Several aspects of the book are particularly noteworthy. First, the editors do a fine job of not just introducing each of the book sections, but providing smart, original, and valuable syntheses of the material within. Second, the book points out a number of counterintuitive and sometimes paradoxical aspects about leadership in organizational life, for example, that negative emotions can lead to innovation, that positive emotions like optimism can suppress attention to crucial environmental warnings, that employee autonomy may lead to less freedom, that the people most exalted in the business leadership industry (e.g. Gandhi, Mother Theresa) are not business people, that leadership might cause stupidity, and that this stupidity can create valued organizational outcomes. Third, over and over, we are reminded that no single leadership style is preferential; the context is decisive, and the best organizational teams are made up of members with a variety of skills and attributes. Perhaps most importantly, the book shows how many supervisors do not engage in behaviors typically associated with leadership. An overall theme of the book is that organizational power can corrupt, stupefy, and strangle the self and others.

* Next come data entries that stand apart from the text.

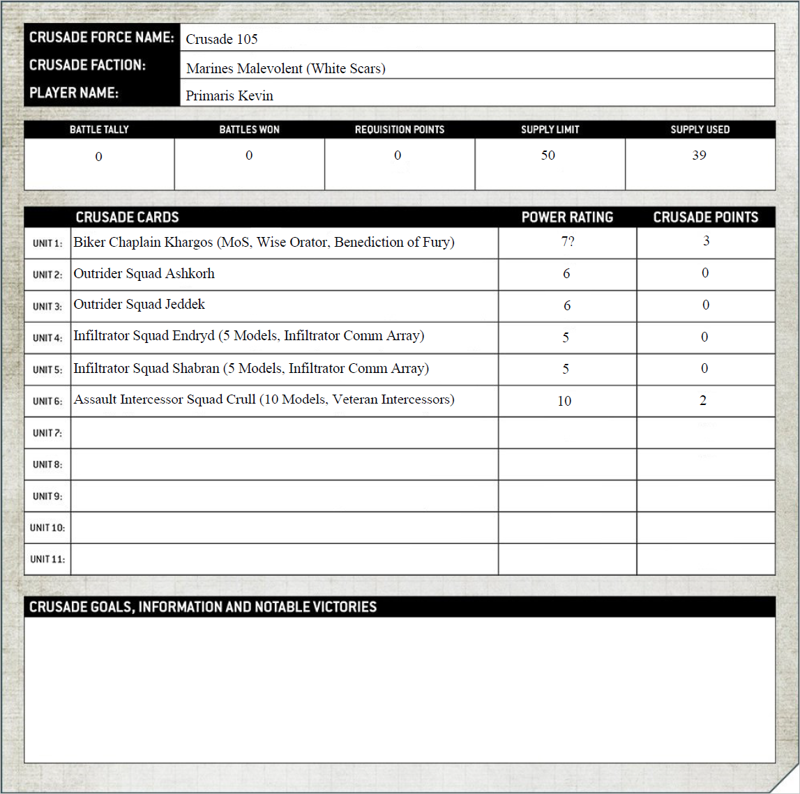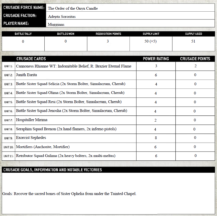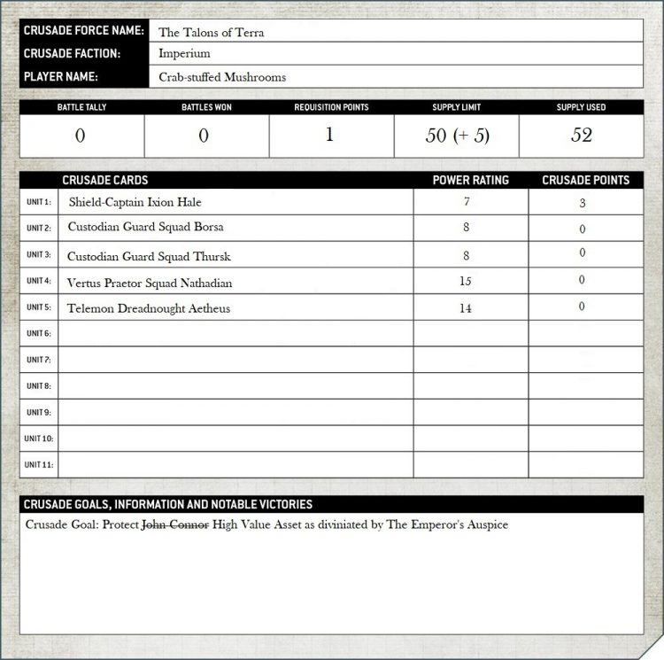 As for actually keeping track of all this? Whilst I’d love for the Warhammer 9th Ed app to be the greatest thing since sliced bread and be the Crusade equivalent that Yaktribe is for Necromunda, I’m more than likely going to stick with a google doc/sheet for now.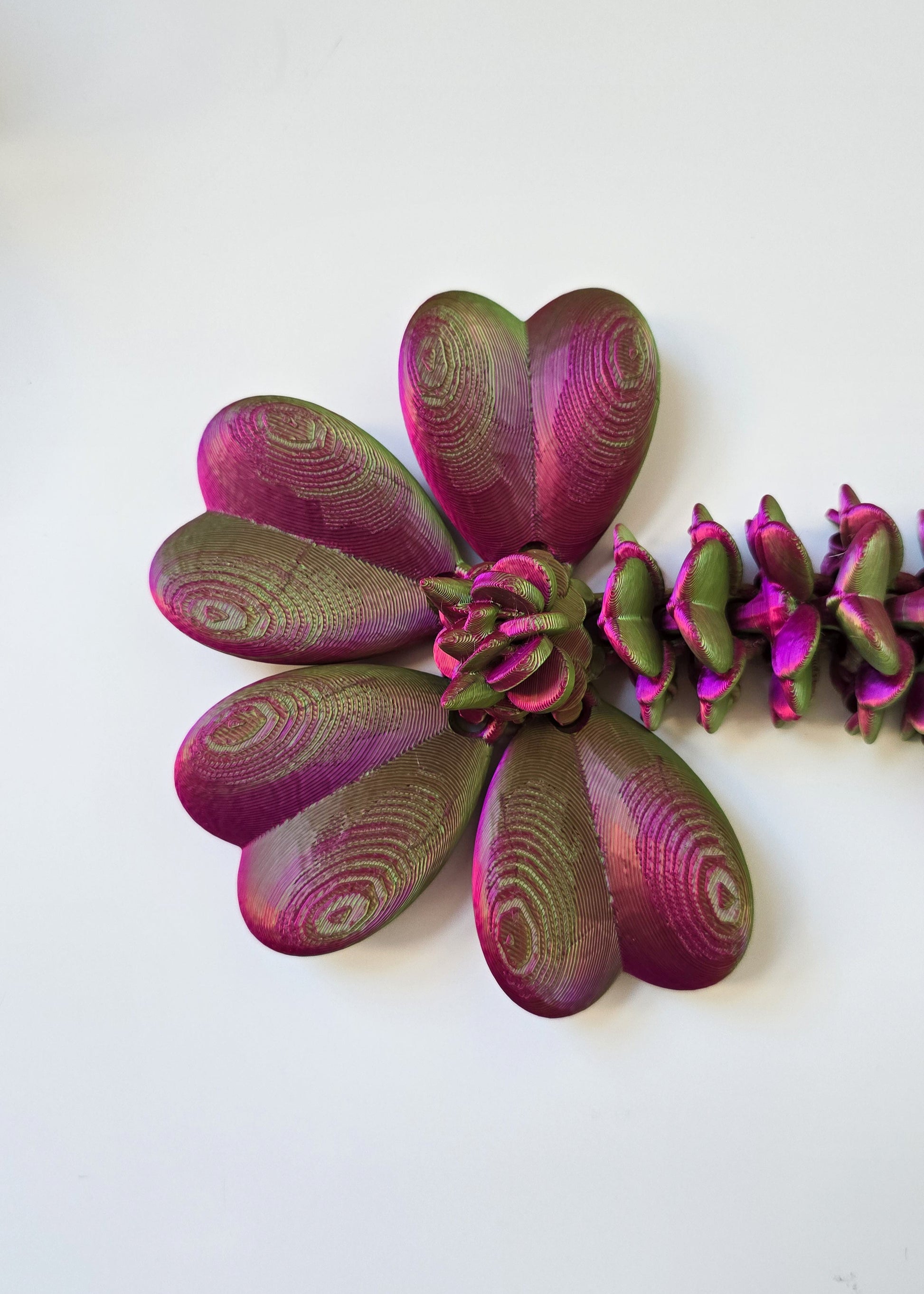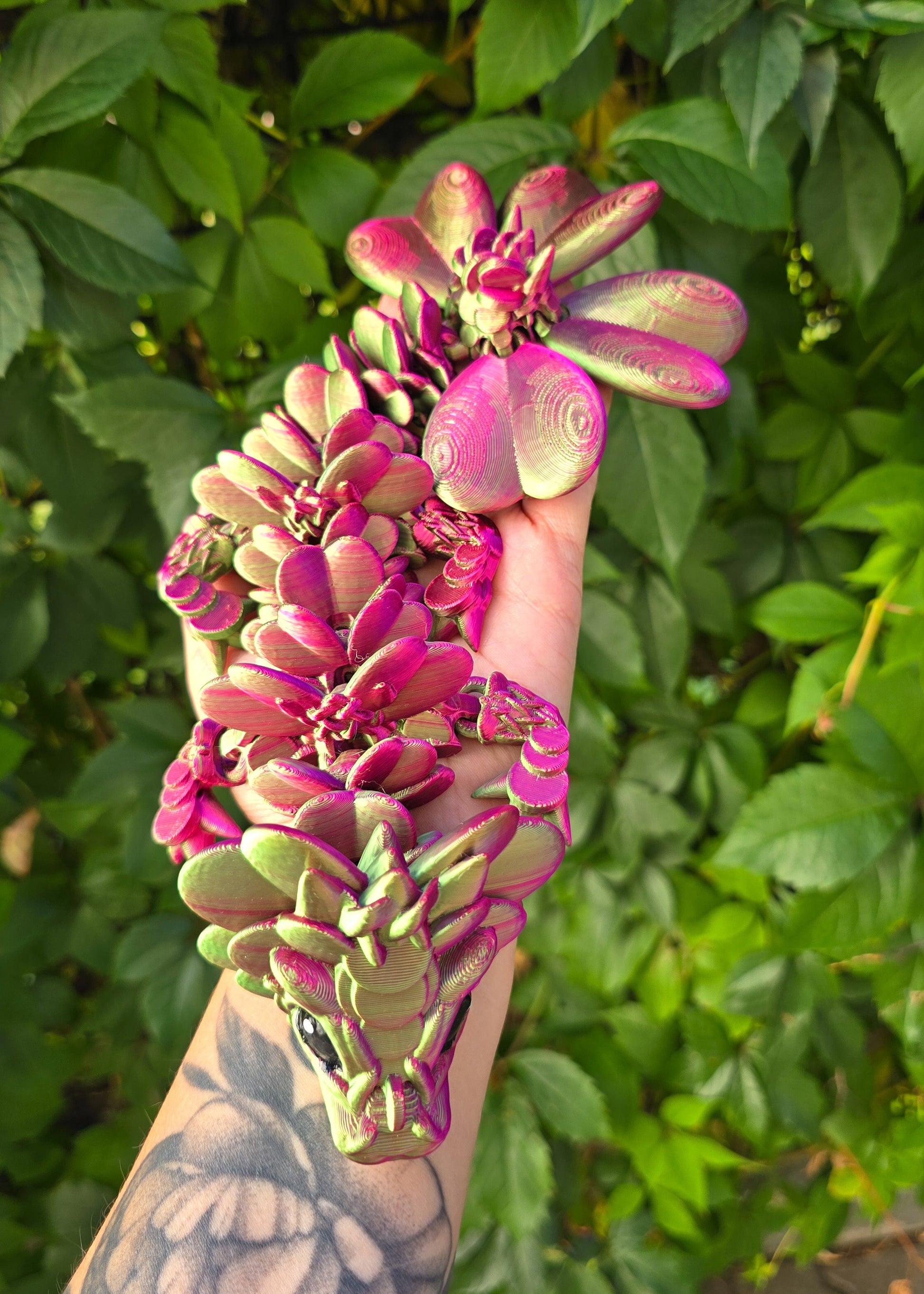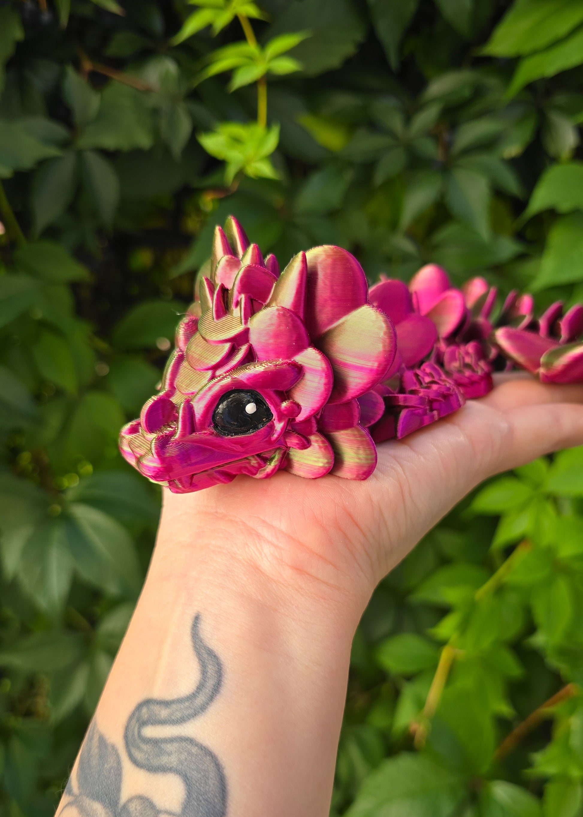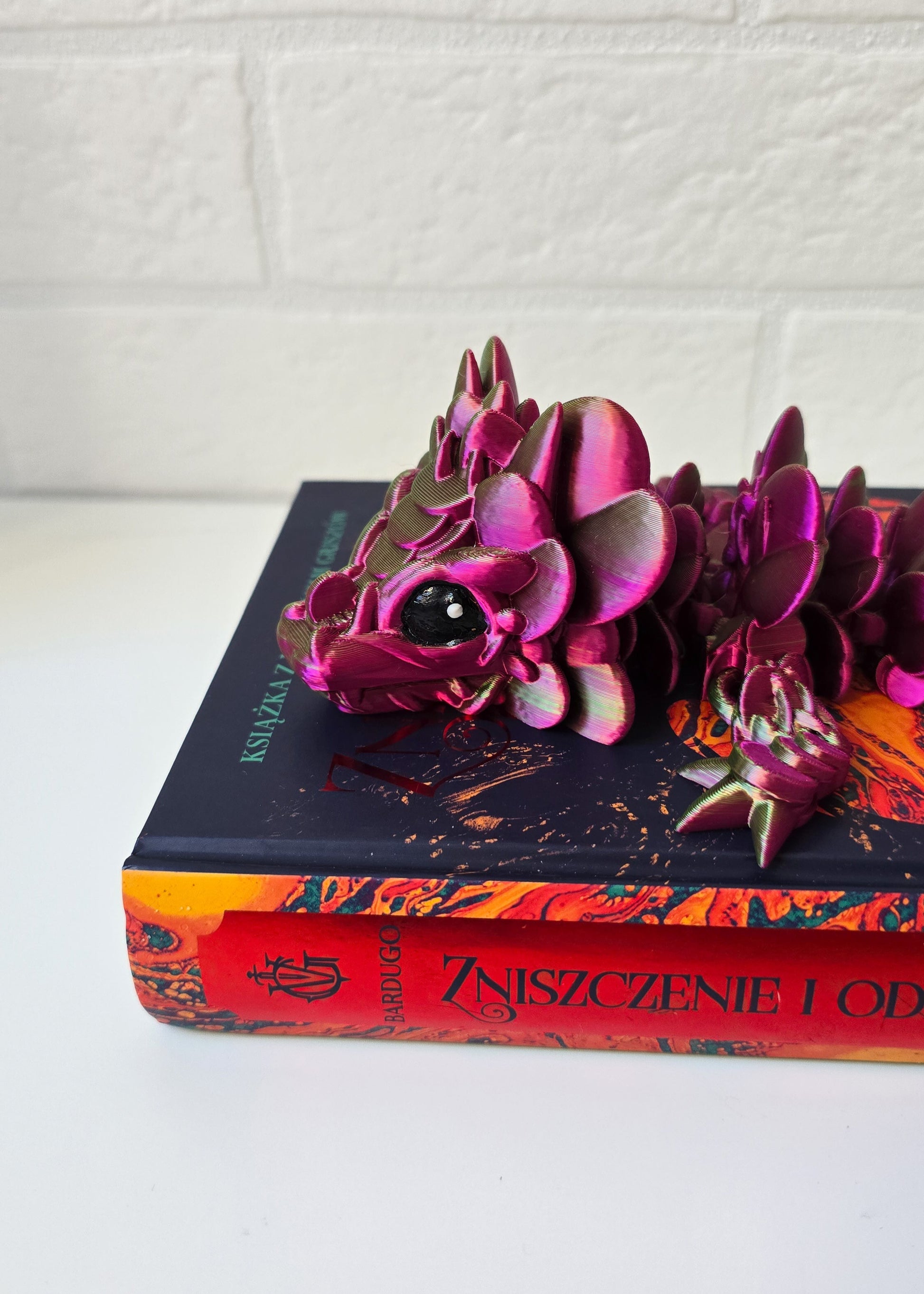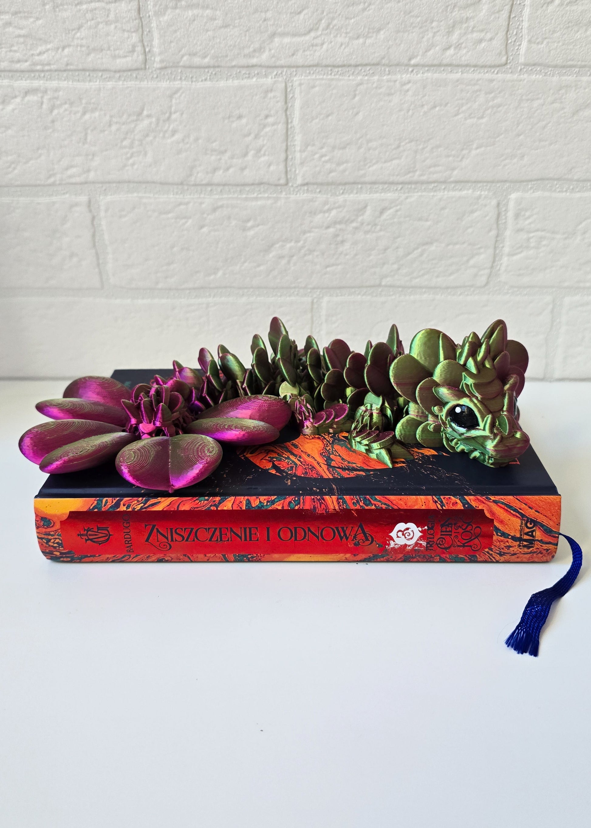 Poznaj niezwykłą figurkę smoka drukowanego w technologii 3D, która łączy w sobie dzikość fantastycznego stworzenia z subtelnym pięknem natury. Ten sporych rozmiarów smok wyróżnia się unikatowym wyglądem – jego łuski przypominają drobne, mięsiste listki sukulentów, tworząc niepowtarzalną, organiczną strukturę. Ten smok to połączenie fantastyki i botanicznej inspiracji – figurka, która zachwyci zarówno miłośników fantasy, jak i natury.
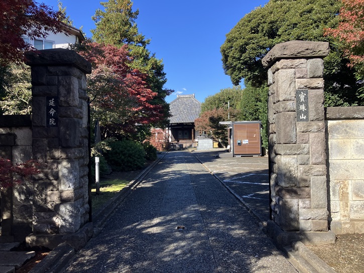 諏訪台通りの手前に、延命院があります。延命院は、江戸時代の享和年間に「延命院事件」と呼ばれる江戸中を騒がせる大事件の舞台となったことで知られています。この事件は、延命院の住職であった日潤の女犯事件で、相手に大奥の女中が含まれていたために、大奥を巻き込んだ一大スキャンダルになり、江戸中を揺るがせることとなりました。日潤は初代尾上菊五郎の子供であったと書かれている本もあり、男前であり、話も上手だったと言われています。そのために女性の信者に大変人気があり、大勢の女性信者が延命院に参詣するようになったことが事件の背景にありました。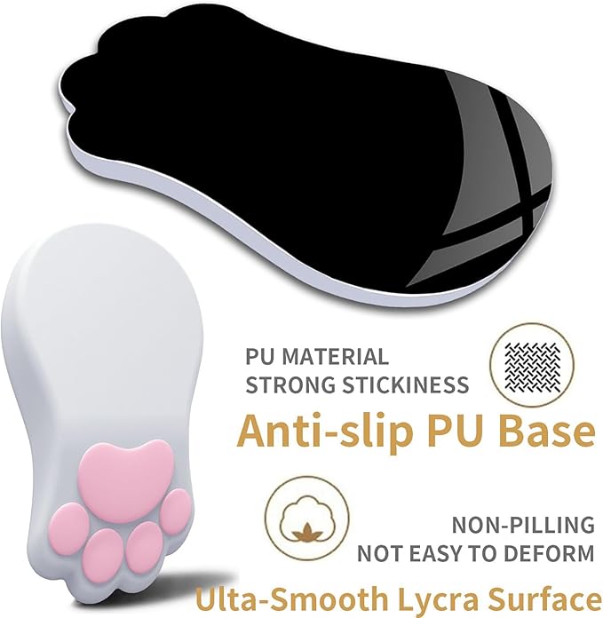 - 【Non-Slip PU Base】Grey cat paw ergonomic mouse pad with wrist rest and keyboard wrist rest feature anti-slip PU base can grasp firmly in place on any surface, preventing slipping or sliding during use.The anti-slip bottom ensures the mouse pad with wrist rest remains stable,whether you're working on a desk, bed, or couch, the pad stays firmly in place

I also have some lingering questions and limited critiques of the book. The essay contributions could have valuably been more geographically dispersed as well as included voices from those in the field of organizational communication who study critical approaches to leadership (Zoller and Fairhurst, 2007) and bullying behaviors by supervisors (Lutgen-Sandvik, 2013). Second, the pragmatic side of me was sometimes left scratching my head, asking whether I was any better a leader for reading this book and wishing the authors had spelled out clearer pathways for potential transformation. At the same time, the book is clearly framed as critical in nature, ‘not meant to inspire managers with good news fables’ (p. 172) and ‘not entering the debate to solve puzzles, but to raise awareness and critical thinking’ (p. 151). Finally, I felt the book could have done a better job of differentiating the conceptualization of leader versus leadership. Spoelstra, for instance, suggested that ‘leaders are leaders because they have followers’ (p. 171), and this framing focuses on leadership as a role rather than as an ongoing process and activity. Indeed, the title of the volume might have more accurately been, Critical Perspectives on So-Called Leaders, as the majority of the chapters focused, first, on people who held hierarchically powerful roles and then, second, studied or reflected on their toxic activities. It’s unclear, though, whether these behaviors equate with leadership.
All in all, I very much enjoyed and learned from this book, and believe it could be useful to students and scholars interested in topics of leadership, emotion, and critical organizational studies. The essays within Lemmergaard and Muhr’s volume review the latest scholarly literature, provide helpful recommendations for future research, and point out intriguing paradoxes that characterize the toxic and problematic aspects of leadership in organizational life.